Kwong came from a Cantonese-speaking family, and was also the first NHL player from Vernon, British Columbia, and the Okanagan region. Kwong's nicknames included the "China Clipper" and "King Kwong".

After his playing days, he lived in Europe and became the first ethnic Chinese coach of a professional hockey club in Switzerland. In his later years, he returned to Canada and operated a supermarket, following his father's footsteps.

Early years 
Kwong was born in 1923 in Vernon, British Columbia, as the second youngest of 15 children born to his Cantonese-speaking father who had two wives. His father had immigrated from China in 1884 for the gold rush in Cherry Creek, BC, but later failed. His father later started farming and then went into the grocery business in Vernon, British Columbia, calling his store Kwong Hing Lung.  Larry's Chinese surname was Eng, but decided to take the name of his father's store as the last name in his English name.

Just two weeks after his birth, the government of the Dominion of Canada enacted the Chinese Exclusion Act of 1923 which completely prohibited Chinese immigrants from entering Canada. Kwong faced numerous acts of racial discrimination during his youthful years in Vernon, as he recalled being denied service at a barbershop because of his ethnic background.

Early playing career 
Kwong had practiced ice hockey on frozen ponds in Vernon and had not played organized hockey until he joined the Vernon Hydrophones when he was 16 years old. He powered the Vernon Hydrophones to the midget hockey championship of BC in 1939 and then to the provincial juvenile title in 1941. As an 18-year-old, Kwong jumped the junior ranks to play senior hockey after a try-out for the elite semi-professional Trail Smoke Eaters, who had won the 1939 World Ice Hockey Championships. In Trail, players who made the roster got good-paying jobs at a local smelter, but Kwong was denied a job because of his Chinese heritage. Instead, he was sent to a nearby hotel to work as a bellhop.

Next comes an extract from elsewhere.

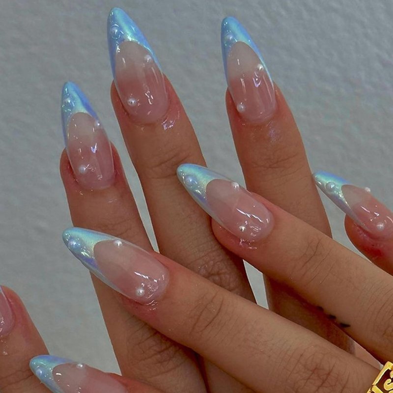 - Eye-catching Design: Beautiful almond french blue mermaid nails with pearl designs that will make you stand out in any occasion.

In 1942, the Chicago Black Hawks invited Kwong to training camp, but "the Canadian government refused to process the documentation needed to leave the country".

In 1944, Kwong was drafted into the Canadian Army. Instead of being deployed overseas, he was selected to join "Sugar" Jim Henry and Mac Colville on the Red Deer Wheelers of the Central Alberta Garrison Hockey League. The Wheelers defeated the Calgary Combines (starring two-time NHL scoring champion Sweeney Schriner) in the playoff semi-final, before falling to Calgary Currie Army (whose roster included Hart Trophy winners Max Bentley and Tommy Anderson) in the final series.

After World War II, Kwong returned to Trail and won the provincial senior hockey championship with the Smoke Eaters in 1946. In that BC Final series against the New Westminster Royals, Kwong led the Smokies in scoring (tied with Mike Buckna) and scored the Savage Cup-winning goal.

Later in 1946, Lester Patrick scouted Kwong and was impressed, signing him for the New York Rovers, a farm team of the New York Rangers. Kwong scored a goal in his debut for the Rovers against the Boston Olympics in Boston on October 27, 1946. At Madison Square Garden on November 17, 1946, Shavey Lee presented Kwong with the Keys to New York's Chinatown. Kwong went on to lead the New York Rovers in scoring in 1947–1948 with 86 points in 65 games.

Breaking the National Hockey League's colour barrier 

On March 13, 1948, Kwong broke hockey's colour barrier by making his NHL debut with the New York Rangers as the first non-white player in the NHL. He wore number 11, and played against Maurice Richard and the Montreal Canadiens in the Montreal Forum. This event came less than a year after Jackie Robinson shattered the baseball color line in the US. During this game, Kwong was benched until late in the third period, where he was sent to play the final shift of the game. Spending less than a minute on the ice, he tallied no points in what would be his only big-league game.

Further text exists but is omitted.